**What you are asked to do:**
Print the line containing "Soutenance de thèse" and all lines after it, unchanged, through the end of the data. Leave the pictures out.

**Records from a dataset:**
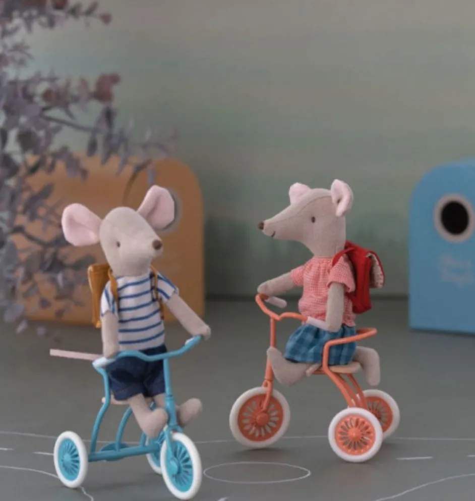 Dit Maileg muisje heeft magneetjes in haar handjes zodat zij het fietsstuur kan vasthouden.
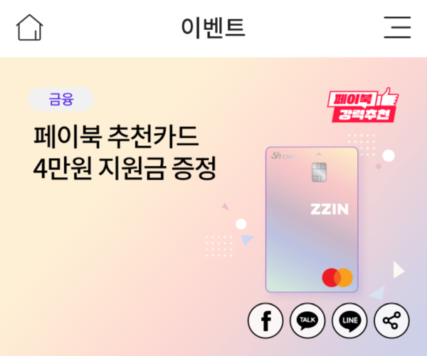 이벤트 기간 중 ZZIN카드 4만원 이상 사용하면 4만원 캐시백 제공
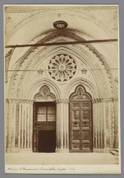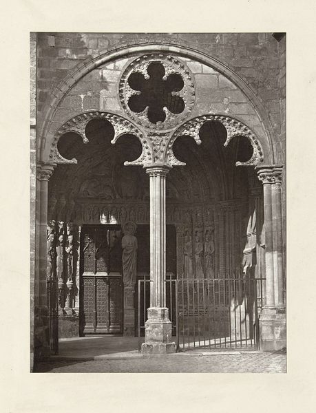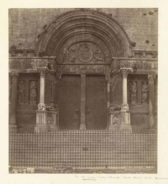 This photograph of the Portaal van de San Zeno Maggiore was taken by Fratelli Alinari. The sepia tones and stark presentation capture the portal’s imposing structure, inviting immediate contemplation on architectural form and symbolic meaning. The composition emphasizes symmetry and balance. The arched entrance, flanked by intricately carved columns and guarded by stone lions, creates a focal point drawing the eye into the depths of the basilica. The high contrast and texture highlight the detailed reliefs, which are not merely decorative but communicate narratives and theological concepts. The doorway's design and the surrounding carvings function as a semiotic system. The structure represents an entry point not just into a physical space but into a realm of spiritual and cultural significance. This photograph encourages a deeper analysis of how architecture can convey meaning, challenging us to consider the interplay between form, function, and historical context. The photograph invites reflection on how we interpret spaces and their symbolic weight.
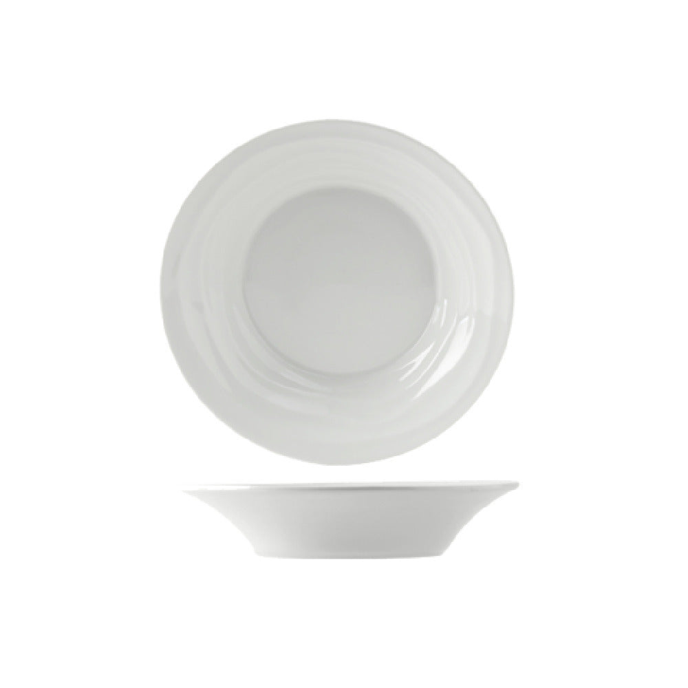 The Tuxton GDP-062 Soup Bowl is a meticulously crafted piece of tableware, offering a capacity of 14 oz. and measuring 9 inches in diameter by 1-7/8 inches in height. Its round, rimmed design contributes to both aesthetic appeal and functional convenience, making it an ideal choice for food service professionals and home chefs alike. Constructed with fully vitrified porcelain, this bowl ensures durability and resistance to both chipping and cracking, thereby enhancing its lifespan in high-usage environments. As a lead-free product, it prioritizes user safety while aligning with health standards. The Tuxton GDP-062 is not only microwave and dishwasher safe but also oven proof, allowing for versatile uses ranging from heating to serving. A part of the TuxTrendz collection in Sandbar and Porcelain White, it seamlessly integrates into various dining settings, from casual to upscale. This soup bowl comes packed by 2 dozen per case, catering to bulk purchasing needs of restaurants, catering services, and other hospitality sectors. Its combination of practicality and design excellence makes it a valuable addition to any kitchen or dining operation seeking reliable and stylish serveware solutions.
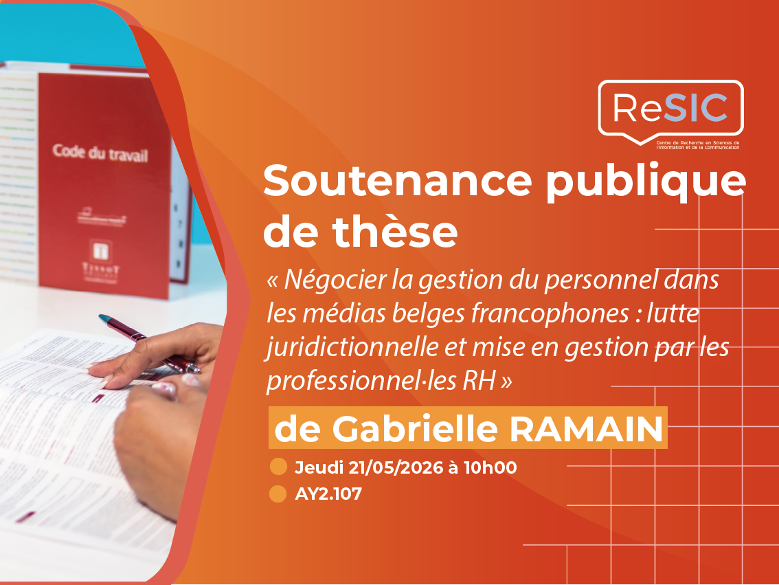 | Soutenance de thèse publique de Gabrielle RAMAIN « Négocier la gestion du personnel dans les médias belges francophones : lutte juridictionnelle et mise en gestion par les professionnel·les RH » | |
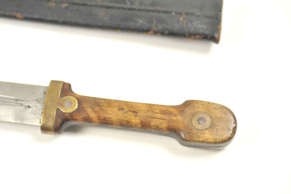 Authentic Czarist era Cossack style Kenjal with “A” marking and 1913 date. Also arsenal marked and regimental marked. Good to very good condition. Original leather scabbard. Minor wear and losses. Est.: $350-$700
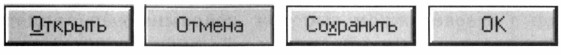 Командные кнопки. Все диалоговые окна содержат кнопки. Часто на кнопках написаны команды, например Сохранить или Открыть. Чтобы воспользоваться командной кнопкой, на ней необходимо щёлкнуть. Наиболее часто встречаются командные кнопки ОК и Отмена. Закончив настройку элементов управления диалогового окна, можно щелчком на кнопке ОК дать компьютеру команду ввести в действие сделанные изменения. Для закрытия диалогового окна без внесения выполненных изменений служит командная кнопка Отмена.

**Output below:**
 | Soutenance de thèse publique de Gabrielle RAMAIN « Négocier la gestion du personnel dans les médias belges francophones : lutte juridictionnelle et mise en gestion par les professionnel·les RH » | |
 Authentic Czarist era Cossack style Kenjal with “A” marking and 1913 date. Also arsenal marked and regimental marked. Good to very good condition. Original leather scabbard. Minor wear and losses. Est.: $350-$700
 Командные кнопки. Все диалоговые окна содержат кнопки. Часто на кнопках написаны команды, например Сохранить или Открыть. Чтобы воспользоваться командной кнопкой, на ней необходимо щёлкнуть. Наиболее часто встречаются командные кнопки ОК и Отмена. Закончив настройку элементов управления диалогового окна, можно щелчком на кнопке ОК дать компьютеру команду ввести в действие сделанные изменения. Для закрытия диалогового окна без внесения выполненных изменений служит командная кнопка Отмена.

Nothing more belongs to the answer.